**DESCRIPTION OF THE TASK**
Reproduce the listing below from the line with "Метална етажерка с" to the line with "深圳美合悅秀醫(yī)療美容", both lines included, character for character, minus any pictures.
··· INPUT RECORDS ···
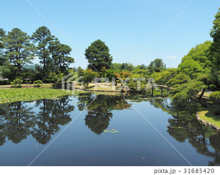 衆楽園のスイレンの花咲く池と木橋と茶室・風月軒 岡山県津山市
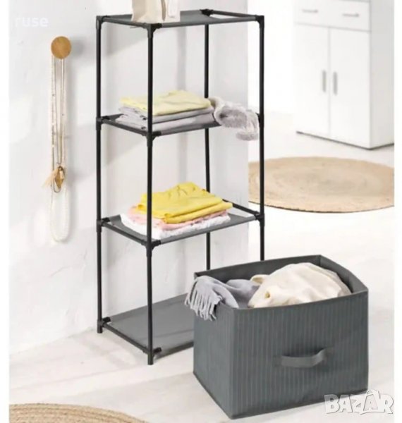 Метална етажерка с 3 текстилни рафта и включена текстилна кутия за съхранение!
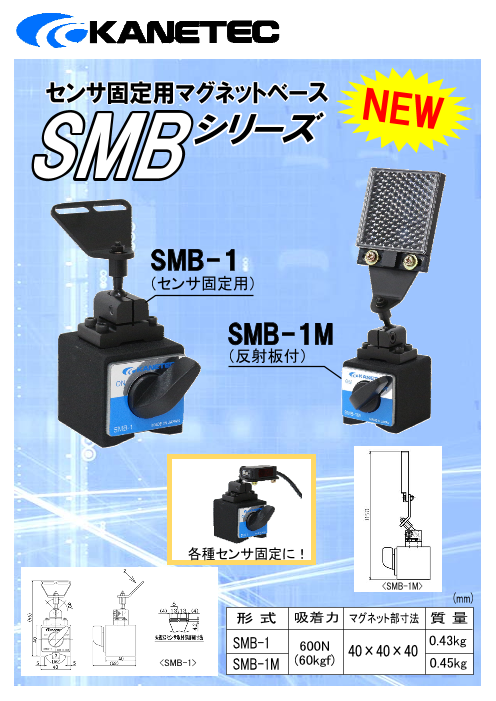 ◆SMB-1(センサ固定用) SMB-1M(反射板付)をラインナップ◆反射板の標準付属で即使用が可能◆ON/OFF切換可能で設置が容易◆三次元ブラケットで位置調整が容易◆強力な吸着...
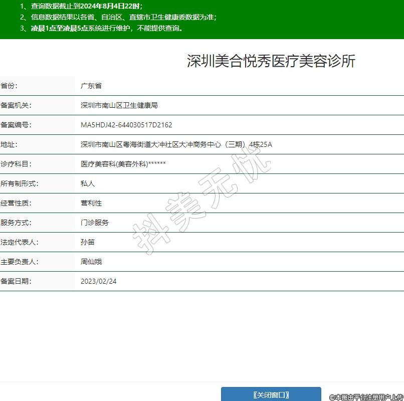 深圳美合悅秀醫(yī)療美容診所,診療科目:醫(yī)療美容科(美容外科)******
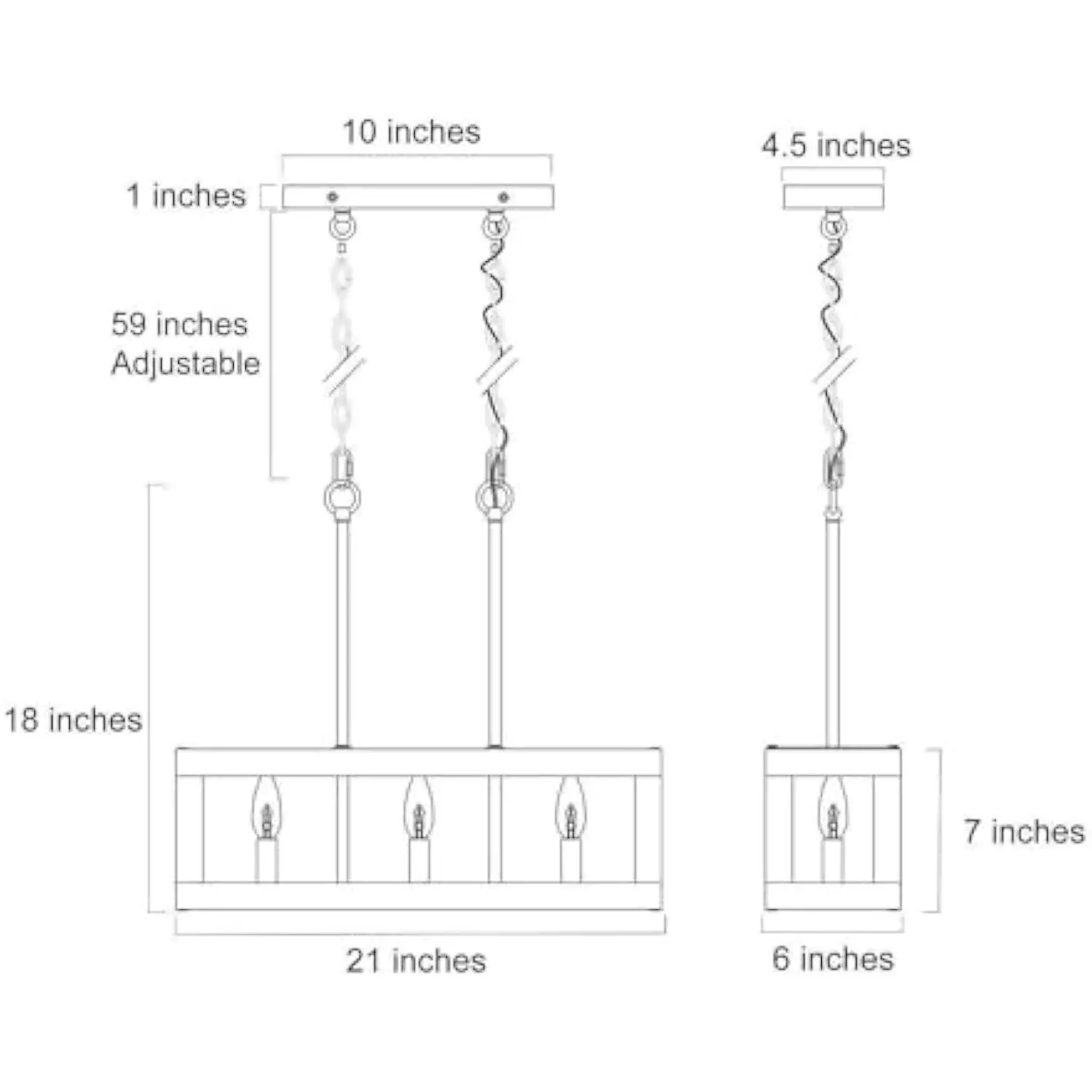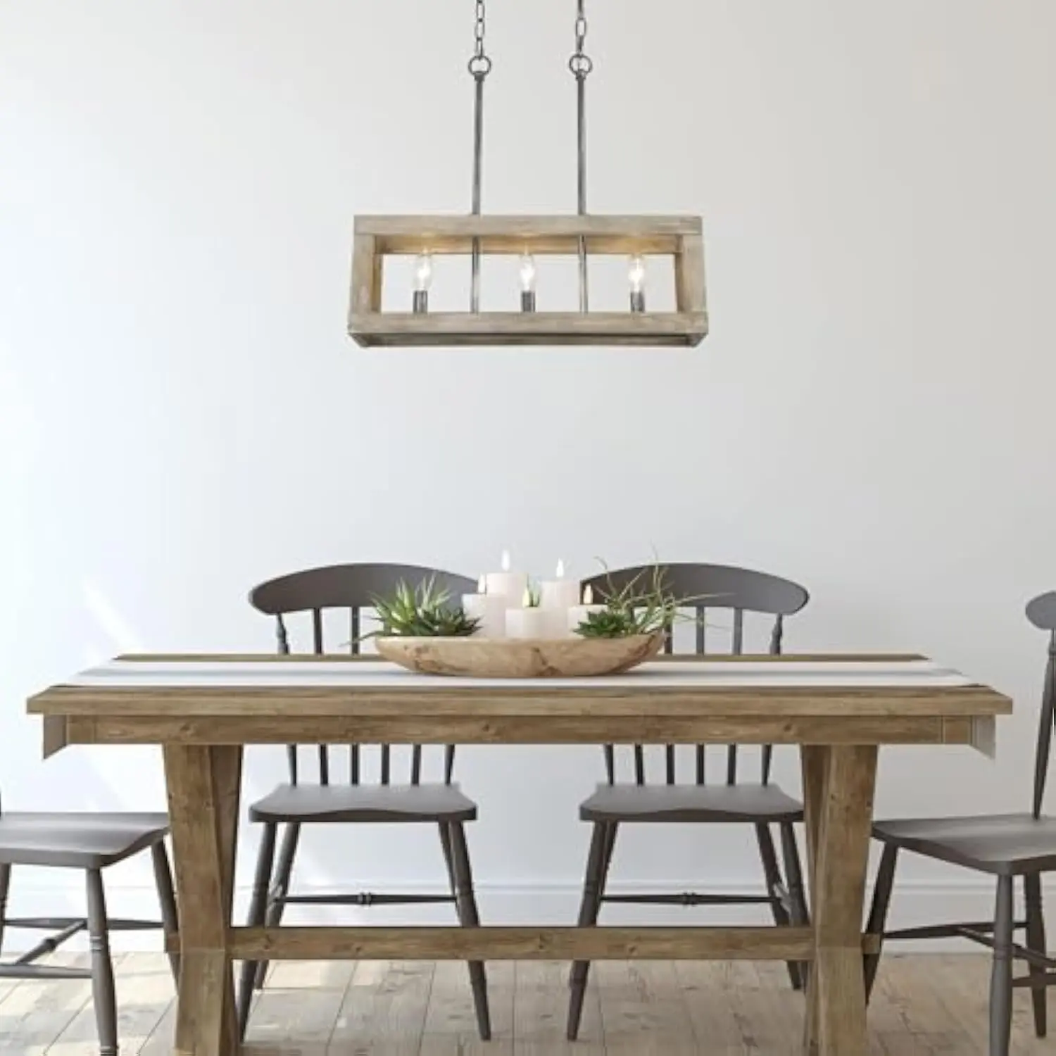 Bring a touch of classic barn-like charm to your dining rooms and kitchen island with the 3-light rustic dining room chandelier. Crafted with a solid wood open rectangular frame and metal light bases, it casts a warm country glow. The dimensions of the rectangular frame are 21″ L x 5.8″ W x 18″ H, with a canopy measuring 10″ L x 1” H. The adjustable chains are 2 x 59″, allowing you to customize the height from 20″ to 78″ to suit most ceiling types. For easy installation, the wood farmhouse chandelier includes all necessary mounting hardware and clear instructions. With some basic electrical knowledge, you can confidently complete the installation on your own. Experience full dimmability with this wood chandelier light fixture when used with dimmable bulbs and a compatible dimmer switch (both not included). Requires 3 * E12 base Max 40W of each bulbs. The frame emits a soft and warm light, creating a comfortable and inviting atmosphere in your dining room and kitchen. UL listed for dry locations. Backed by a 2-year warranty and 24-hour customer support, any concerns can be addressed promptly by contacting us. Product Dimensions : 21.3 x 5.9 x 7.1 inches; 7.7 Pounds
···
**RESPONSE BOX**
 Метална етажерка с 3 текстилни рафта и включена текстилна кутия за съхранение!
 ◆SMB-1(センサ固定用) SMB-1M(反射板付)をラインナップ◆反射板の標準付属で即使用が可能◆ON/OFF切換可能で設置が容易◆三次元ブラケットで位置調整が容易◆強力な吸着...
 深圳美合悅秀醫(yī)療美容診所,診療科目:醫(yī)療美容科(美容外科)******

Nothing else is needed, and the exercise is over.